Please just keep an eye on him and if we get any dogs adopted we might be able to go check him out. I cant take a black and white Maltese though. We have to do our best to get purebred Maltese for the AMA. Hard to do tell when they are a mess though. Hugs,Edie


----------



## Snowbody (Jan 3, 2009)

plenty pets 20 said:


> I looked at his pics also and think he many be a Lhasa or Shitzu with the black and white. It is so very hard to tell when they are sooo filty. I have sent my fosters in to look at the dogs listed as Maltese and not one of them will look anything like one.
> I will share this link with the gal that does Lhasa rescue too, just to check.
> L.A. does have a large number of rescues of small dogs and they all do a super job of getting the dogs out that are most needed.
> If this is Downey and not SEAACA , then they may clip this dog and make him look better.
> Please just keep an eye on him and if we get any dogs adopted we might be able to go check him out. I cant take a black and white Maltese though. We have to do our best to get purebred Maltese for the AMA. Hard to do tell when they are a mess though. Hugs,Edie


I was thinking the coloring didn't sound anything like a Maltese. I hope on of the small dog rescues can help. He's so pathetic looking. :smcry:


----------



## suzimalteselover (Mar 27, 2006)

plenty pets 20 said:


> I looked at his pics also and think he many be a Lhasa or Shitzu with the black and white. It is so very hard to tell when they are sooo filty.
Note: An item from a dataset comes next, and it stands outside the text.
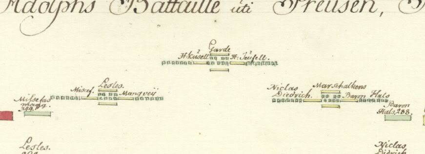 The 3-squadron brigade was merely a 4-squadron brigade without the 4th (reserve) squadron. It's presence or absence did not alter the formation of the 3 frontline squadrons. As is shown by the brigades deployed at Frankfurth in may 1631 picture Do note the absence of the commanded shot which had been detached to act independently. The reserver units (4th squadron, commanded shot) of the brigade were used as needed. In at least one instance Gustavus detached not only the commanded shot from the brigade but also the shot belonging to the 4th squadron leaving a pike-only reserve. picture So the diagram is neither old, nor out of date and the fact that it is drawn to scale and contains a wealth of additonal information makes it one of the most important sources for the study of the 3-squadron or 4-squadron brigade during the TYW. |

I have sent my fosters in to look at the dogs listed as Maltese and not one of them will look anything like one.
> I will share this link with the gal that does Lhasa rescue too, just to check.
> L.A. does have a large number of rescues of small dogs and they all do a super job of getting the dogs out that are most needed.
> If this is Downey and not SEAACA , then they may clip this dog and make him look better.
> Please just keep an eye on him and if we get any dogs adopted we might be able to go check him out. I cant take a black and white Maltese though. We have to do our best to get purebred Maltese for the AMA. Hard to do tell when they are a mess though. Hugs,Edie


I found him on the SEAACA website. I will call tomorrow and try to find out more information. Thank you for sending the link to Lhasa rescue, Edie. This particular "Maltese" mix looked to be in the worst condition, so, that's why I posted him here. Thank you, Edie.


----------